Material supplied.
⟨

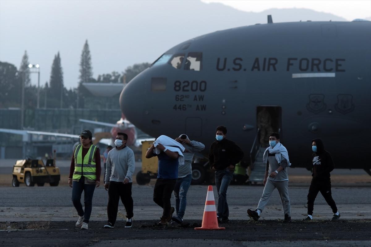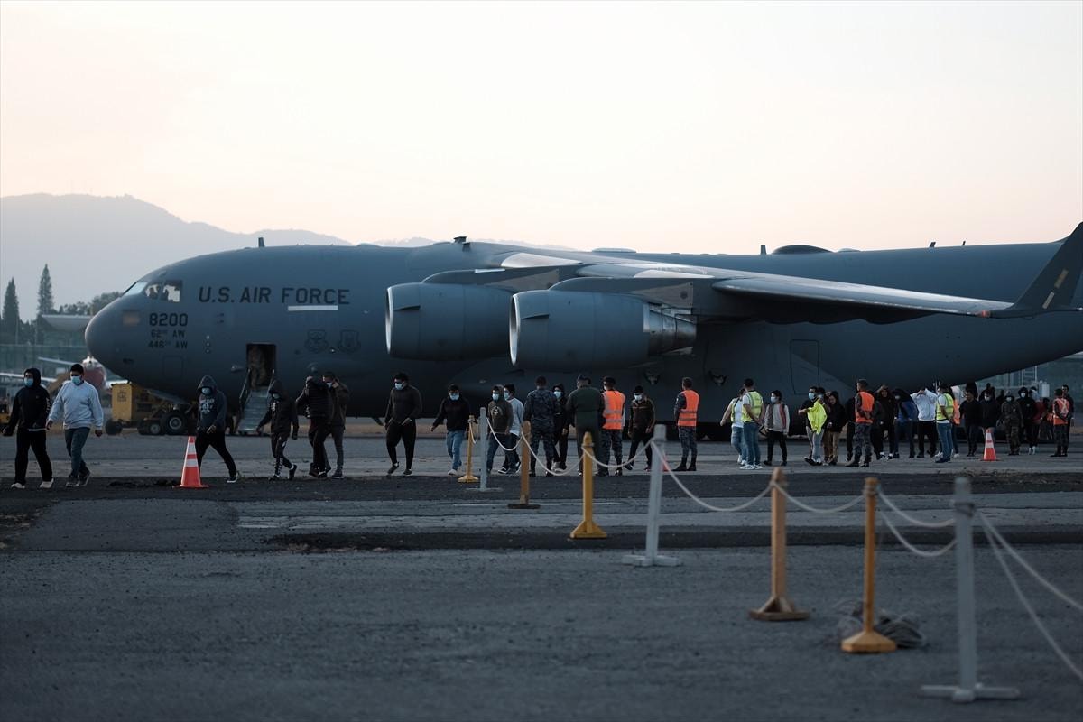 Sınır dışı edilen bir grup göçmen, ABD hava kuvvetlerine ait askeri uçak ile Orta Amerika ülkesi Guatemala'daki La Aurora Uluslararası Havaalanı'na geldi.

⟩
⟨

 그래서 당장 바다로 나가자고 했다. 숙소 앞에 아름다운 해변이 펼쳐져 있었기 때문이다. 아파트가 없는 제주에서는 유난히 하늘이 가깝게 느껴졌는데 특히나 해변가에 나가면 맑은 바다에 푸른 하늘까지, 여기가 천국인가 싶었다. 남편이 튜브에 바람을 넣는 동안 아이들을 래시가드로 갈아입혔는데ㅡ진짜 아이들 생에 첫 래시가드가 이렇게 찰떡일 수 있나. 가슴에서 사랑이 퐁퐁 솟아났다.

⟩
⟨

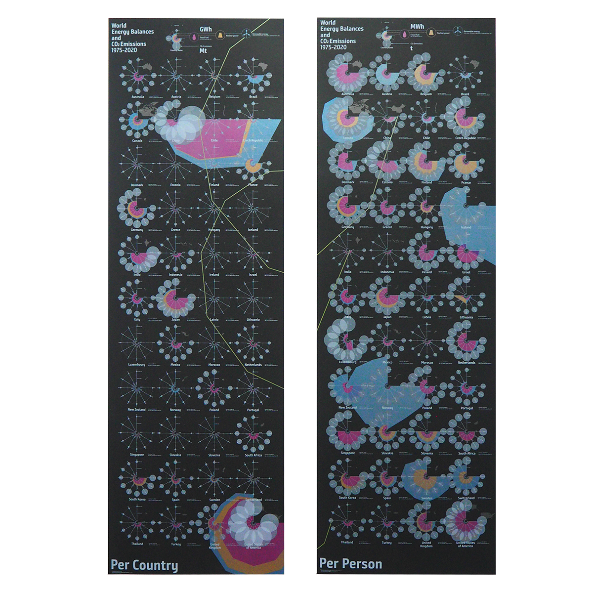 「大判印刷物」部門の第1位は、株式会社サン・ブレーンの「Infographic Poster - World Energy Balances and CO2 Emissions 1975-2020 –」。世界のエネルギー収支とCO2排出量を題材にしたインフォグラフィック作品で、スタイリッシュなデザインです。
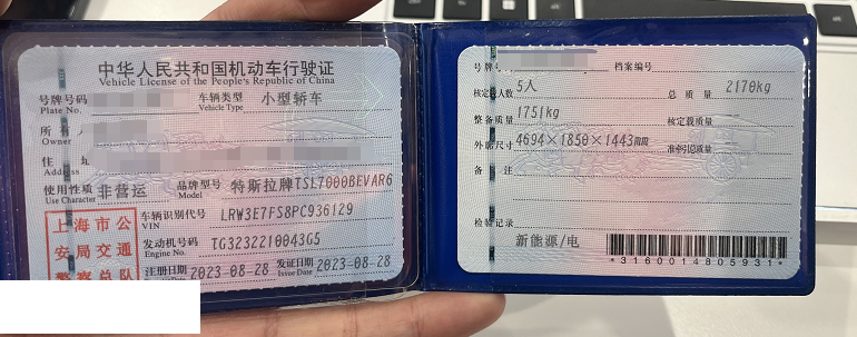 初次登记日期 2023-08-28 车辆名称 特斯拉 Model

⟩

Required work.
Repeat exactly the lines above, beginning at the one containing "Poster - World" and ending at the one containing "初次登记日期 2023-08-28 车辆名称 特斯拉 Model". Do not carry over any pictures.

Written answer.
 「大判印刷物」部門の第1位は、株式会社サン・ブレーンの「Infographic Poster - World Energy Balances and CO2 Emissions 1975-2020 –」。世界のエネルギー収支とCO2排出量を題材にしたインフォグラフィック作品で、スタイリッシュなデザインです。
 初次登记日期 2023-08-28 车辆名称 特斯拉 Model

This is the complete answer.